Stay On Course During Market Volatility
Sayali Shirke / 17 Apr 2025/ Categories: DSIJ_Magazine_Web, DSIJMagazine_App, MF - Expert Guest Column, MF - Expert Guest Column, Mutual Fund
The market volatility can test your patience and perseverance.
Some of the key areas that determine how much success you can achieve as an investor are - how you plan to achieve your investment goals, improve portfolio returns, and maintain a balance between risk and reward. It is heartening to see an ever-increasing number of investors focusing on these aspects through a goal-based investment process. However, it is also true that despite starting their investment process well, a section of the investing public is often guilty of making haphazard investment decisions whenever they are faced with market volatility. Needless to say, they often pay a heavy price for this in the long run. If you are looking to achieve consistent investment success, here's what you mustn't do. [EasyDNNnews:PaidContentStart]

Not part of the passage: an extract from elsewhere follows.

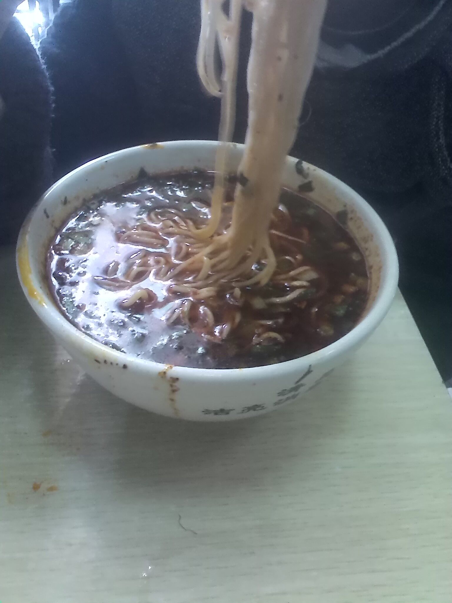 我拿着钱就走出门去。来到了拉面店,我选了一处比较空的地方坐下,大声说:"老板,来一碗牛肉面!"那位老板答应一声,立刻从一团面上拿了一块,然后就动手拉起了面来了。他先把面拉长,然后一个对折,拿住两头继续往两端拉。那面越拉越长,越拉越细。他拉了五六次,那面就变得像头发一样细。接着,他把面放进了一只锅子里去煮。煮了不到三分钟的时间,他就揭开锅盖,把面捞起来放在一只大碗里面。接着,老板拿起一些烧牛肉的汁水放到面上,又放了下一些切成薄片的牛肉在面条的上面。接着,他端起面碗拿到我身前的桌子上。啊,一股牛肉香味直冲我的鼻子。香极了!真是太好了!

Panicking during market volatility - The market volatility can test your patience and perseverance. Investors, who are relatively new to investing in equities, often panic and end up making some abrupt investment decisions. This is not to say that you should ignore market volatility. The key is how you react to the market volatility, which incidentally is a natural phenomenon. Remember, any panic decision in such a situation can impact your asset allocation and the ability of your portfolio to deliver the desired results over the defined time horizon.
Experienced investors know that it is quite normal for the stock market to go up and down during certain time periods. Therefore, while a seasoned investor may take volatility in his stride, a new investor could get tempted to react in a manner that may be detrimental to his fortunes. Remember, if you remain invested and continue your investments uninterruptedly, you minimize your chances of missing out on the sudden rallies in the market.
Looking at the portfolio valuations every day - Despite committing to invest for the long-term in equity funds, one can get into the habit of looking at the portfolio valuations every day. This impacts one's psyche in different ways depending upon the market conditions. When the stock market does well, you may feel like putting more and more money into equities which can create an imbalance in your portfolio and expose you to higher risks. Similarly, when you look at your portfolios on a daily basis in a falling market, it can create self-doubts in your mind and you may either feel the urge to exit from your equity investments or stop investing. Therefore, while monitoring the progress of the portfolio is important, doing it on a daily basis doesn't help and hence must be avoided.
Timing the market - A falling market can often tempt you to make a quick buck. In reality, this can be quite a risky investment strategy as it is extremely difficult, if not impossible, to predict short-term market movements. Similarly, any attempt to book profit in a rising market, with an intent to reinvest during a fall in the market in the near future, can backfire. Remember, even full-time professionals like fund managers find it difficult to time the market successfully on a consistent basis. Of course, if you have an investible surplus that can be put aside for the longer-term, it can be invested as a combination of lump sum and systematic investing through STP.
Shifting focus from goals - A goal-based investment process makes you better equipped to tackle the vagaries of the stock market, as compared to someone who doesn't have an investment plan in place. The best thing about following a goal-based investment process is that it helps you decide and maintain your asset allocation at all times.
Considering that asset allocation helps you determine the level of risk in your portfolio as well as the kind of return you can expect from it, you mustn't shift your focus from your goals. Remember, continuing your investment process uninterruptedly ensures that you benefit from averaging and maintain the desired balance between risk and reward.